Fortran-specific notes will be indicated with a note like this.

Traditionally, Fortran bindings for MPI look very much like the C ones, except that each routine has a final error return parameter. You will find that a lot of MPI code in Fortran conforms to this.

However, in the MPI 3 % standard it is recommended that an MPI implementation providing a Fortran interface provide a module named that can be used in a Fortran program. This incorporates the following improvements:

  • This defines MPI routines to have an optional final parameter for the error.
  • There are some visible implications of using the mpi_f08 module, mostly related to the fact that some of the `MPI datatypes' such as MPI_Comm , which were declared as Integer previously, are now a Fortran Type . See the following sections for details: Communicator  7.1 , Datatype  6.1 , Info  14.1.1 , Op  3.10.2 , Request  4.2.1 , Status  4.3.2 , Window  9.1 .
  • The mpi_f08 module solves a problem with previous Fortran90 bindings : Fortran90 is a strongly typed language, so it is not possible to pass argument by reference to their address, as C/C++ do with the void* type for send and receive buffers. This was solved by having separate routines for each datatype, and providing an Interface block in the MPI module. If you manage to request a version that does not exist, the compiler will display a message like

    There is no matching specific subroutine for this generic subroutine call [MPI_Send]
    

    For details see http://mpi-forum.org/docs/mpi-3.1/mpi31-report/node409.htm .

1.5.4 Python

crumb trail: > mpi-started > Language bindings > Python

Python note

Python-specific notes will be indicated with a note like this.

The mpi4py package  [mpi4py:homepage] of python bindings is not defined by the MPI standards committee. Instead, it is the work of an individual, Lisandro Dalcin .

In a way, the Python interface is the most elegant. It uses OO techniques such as methods on objects, and many default arguments.

Notable about the Python bindings is that many communication routines exist in two variants:

  • a version that can send arbitrary Python objects. These routines have lowercase names such as bcast ; and
  • a version that sends numpy objects; these routines have names such as Bcast . Their syntax can be slightly different.

The first version looks more `pythonic', is easier to write, and can do things like sending python objects, but it is also decidedly less efficient since data is packed and unpacked with pickle . As a common sense guideline, use the numpy interface in the performance-critical parts of your code, and the pythonic interface only for complicated actions in a setup phase.

Codes with mpi4py can be interfaced to other languages through Swig or conversion routines.

Data in numpy can be specified as a simple object, or [data, (count,displ), datatype] .

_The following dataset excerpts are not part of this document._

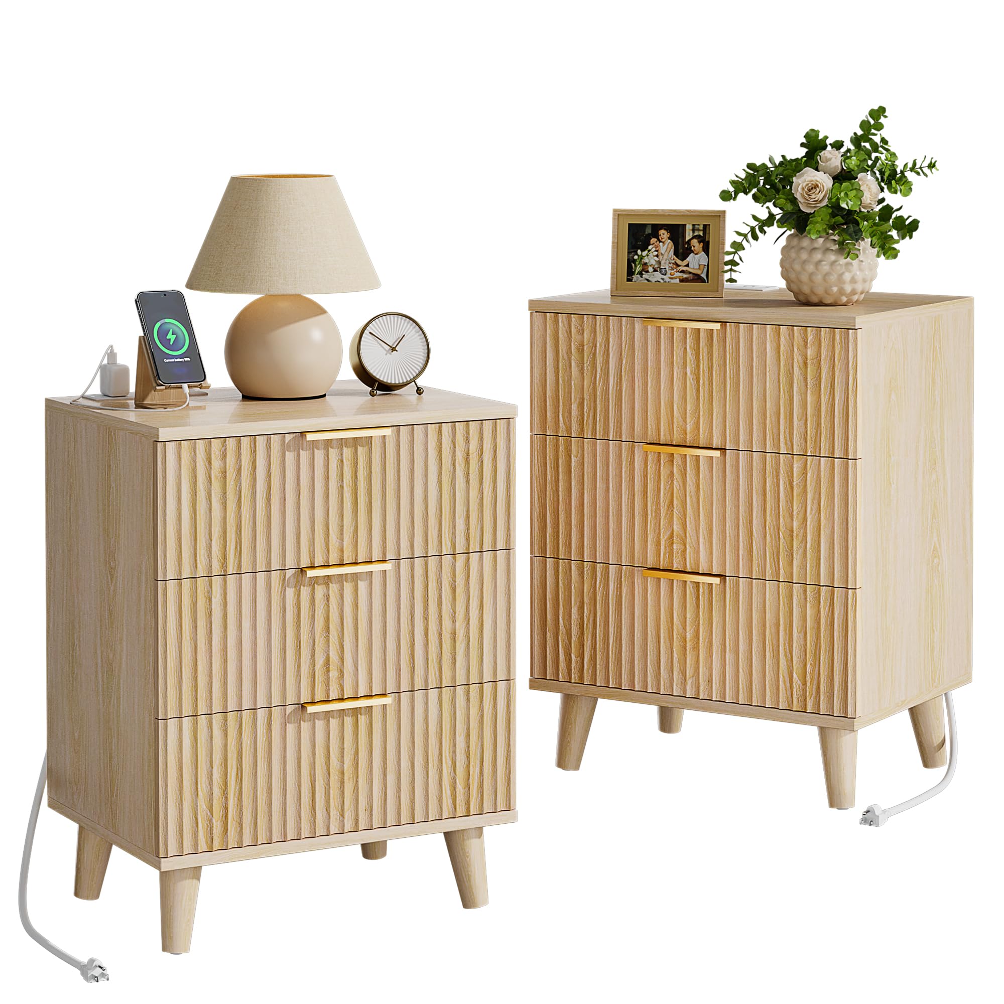 The nightstand features an integrated power panel on the tabletop for easy access to charging. It includes 2 AC outlets (125V/12A) and 2 USB ports (5V/2.1A).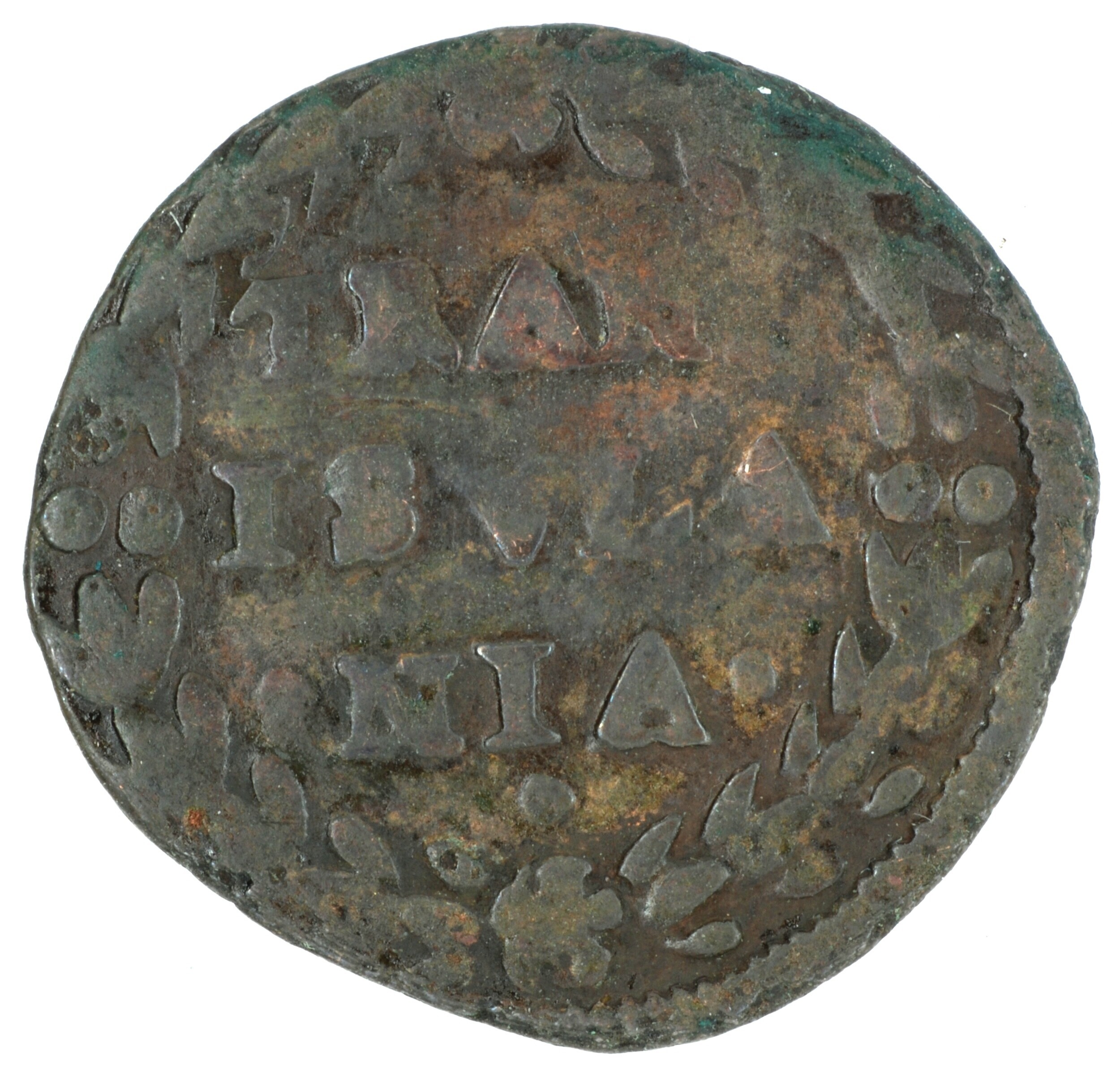 Duit; Overijssel provincie (1581-1795); vz.: binnen een bladerkrans in vier regels: TRAN[S] / ISVLA / •NIA• / • ; muntplaats: Kampen; kz.: gekroond en versierd wapenschild van Overijssel; gewicht: 2.20 gram; referentie: Purmer / Wiel 7004 var (geen omega maar een N in TRANS en geen punt boven TRANS), CNM 2.38.110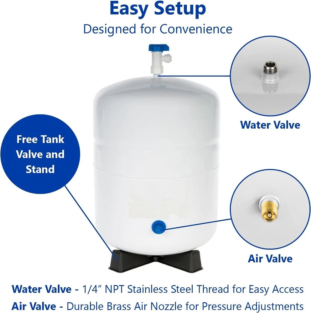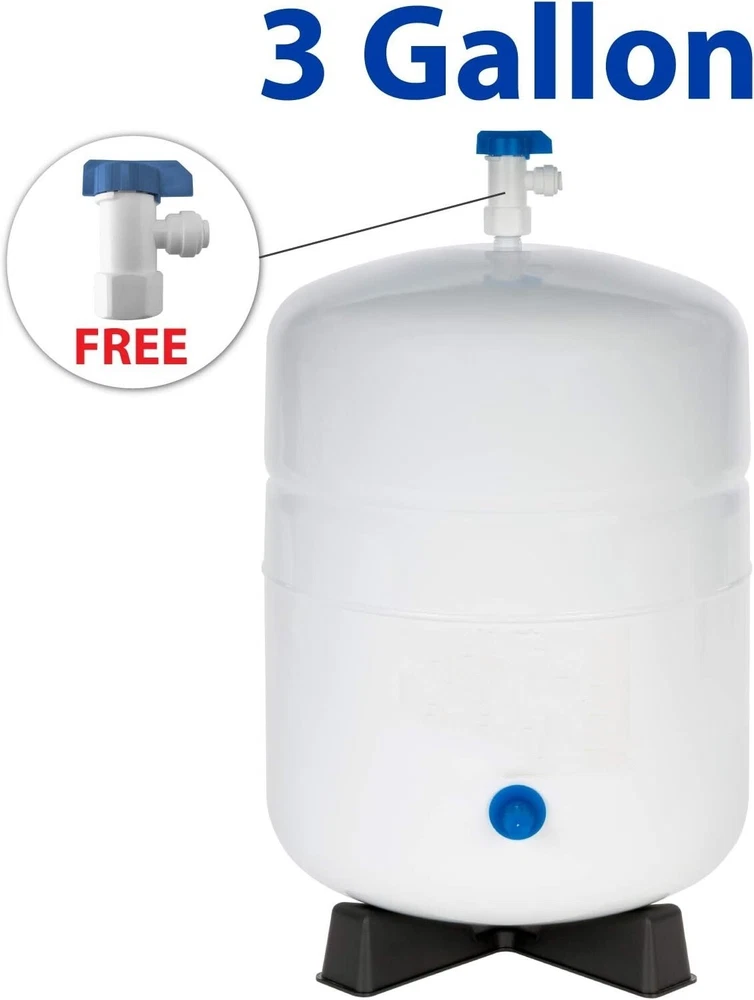 Tanque de expansión del sistema de filtración de agua: tanque de 3 galones NUEVO Tanque de ósmosis inversa: fabricado con materiales 100 % aptos para uso alimentario, el tanque de agua almacena y mantiene el agua libre de impurezas y productos químicos agresivos. El complemento perfecto para cualquier sistema de agua de ósmosis inversa. Tanque de agua fácil de instalar: los reemplazos del tanque incluyen una válvula de bola de tanque gratuita para una fácil instalación y reemplazo con un diseño de conexión rápida de 1⁄4”. Tanque de agua de alta calidad: este tanque de almacenamiento de agua está fabricado con domos de acero embutido duraderos con soldadura de precisión para garantizar un valor duradero. Dimensiones del tanque de agua: este tanque de agua compacto está diseñado (14 x 9 x 9) para caber debajo de la mayoría de los fregaderos de cocina. Almacena hasta 2,2 galones de agua para agua potable filtrada a pedido.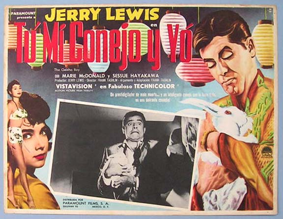 Beautiful Mexican jumbo lobby card (12.5x16.5") from the 1958 Paramount comedy / magician / baseball film, THE GEISHA BOY, which starred Jerry Lewis, Nobu McCarthy, Marie McDonald, Sessue Hayakawa, Suzanne Pleshette and The Los Angeles Dodgers. $20 each |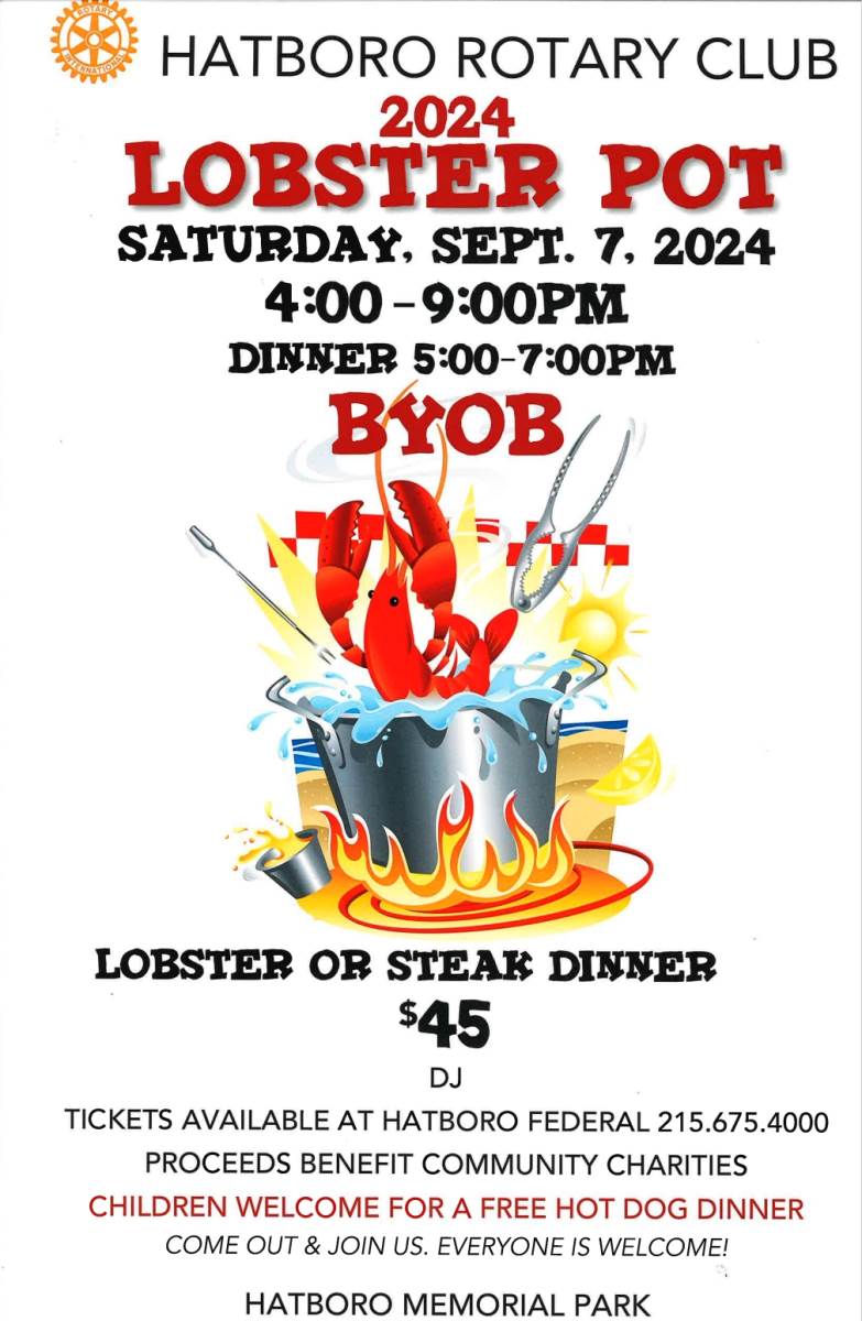 Hatboro Rotary Club Presents: 2024 Lobster Pot. Saturday, September 7, 2024, 4-9pm, Hatboro Memorial Park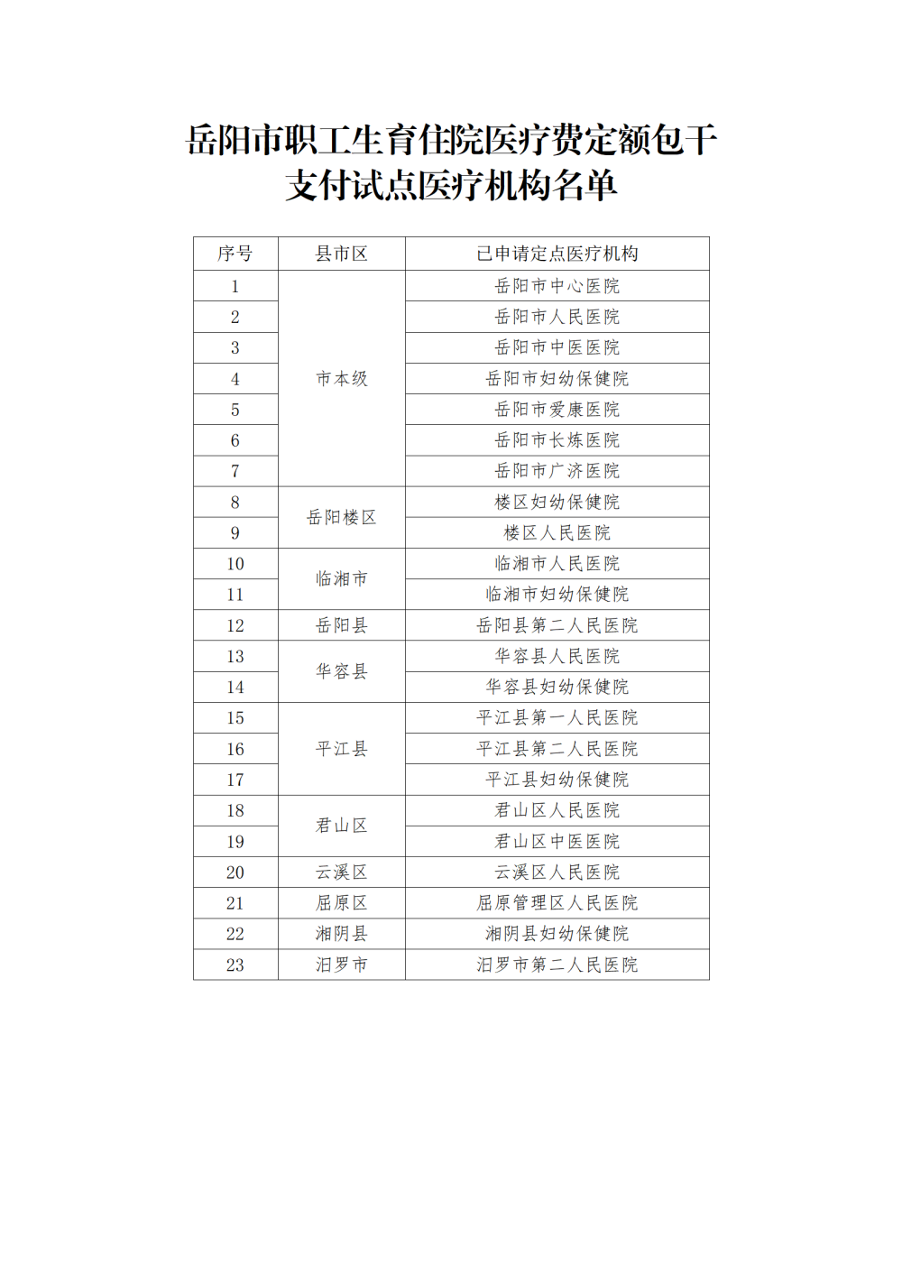 岳阳市职工生育保险住院医疗费用定额包干支付试点政策解读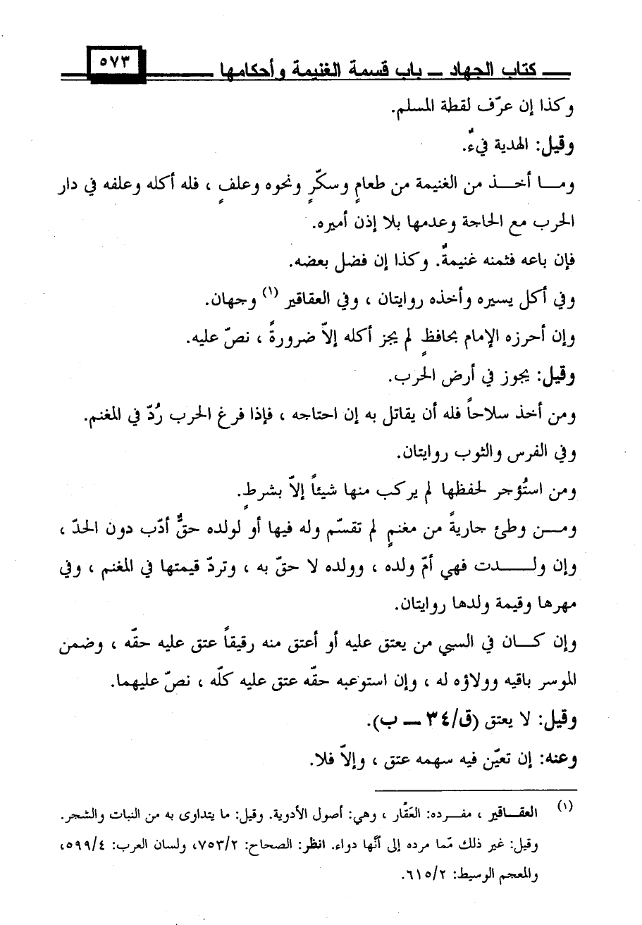 ومن أخذ سلاحًا فله أن يقاتل به إن احتاجه، فإذا فرغ الحرب رد في المغنم.

1.5.5 How to read routine prototypes

crumb trail: > mpi-started > Language bindings > How to read routine prototypes

Throughout the MPI part of this book we will give the reference syntax of the routines. This typically comprises:

  • The semantics: routine name and list of parameters and what they mean.
  • C synxtax: the routine definition as it appears in the mpi.h file.
  • Fortran syntax: routine definition with parameters, giving in/out specification.
  • Python syntax: routine name, indicating to what class it applies, and parameter, indicating which ones are optional.

These `routine prototypes' look like code but they are not! Here is how you translate them.

1.5.5.1 C

crumb trail: > mpi-started > Language bindings > How to read routine prototypes > C

The typically C routine specification in MPI looks like:

int MPI_Comm_size(MPI_Comm comm,int *nprocs)

This means that

  • The routine returns an int parameter. Strictly speaking you should test against MPI_SUCCESS (for all error codes, see section  14.2.1 ):

    MPI_Comm comm = MPI_COMM_WORLD;
    int nprocs;
    int errorcode;
    errorcode = MPI_Comm_size( MPI_COMM_WORLD,&nprocs);
    if (errorcode!=MPI_SUCCESS) {
      printf("Routine MPI_Comm_size failed! code=%d\n",
             errorcode);
      return 1;
    }
    

    However, the error codes are hardly ever useful, and there is not much your program can do to recover from an error. Most people call the routine as

    MPI_Comm_size( /* parameter ... */ );
    

    For more on error handling, see section  14.2 .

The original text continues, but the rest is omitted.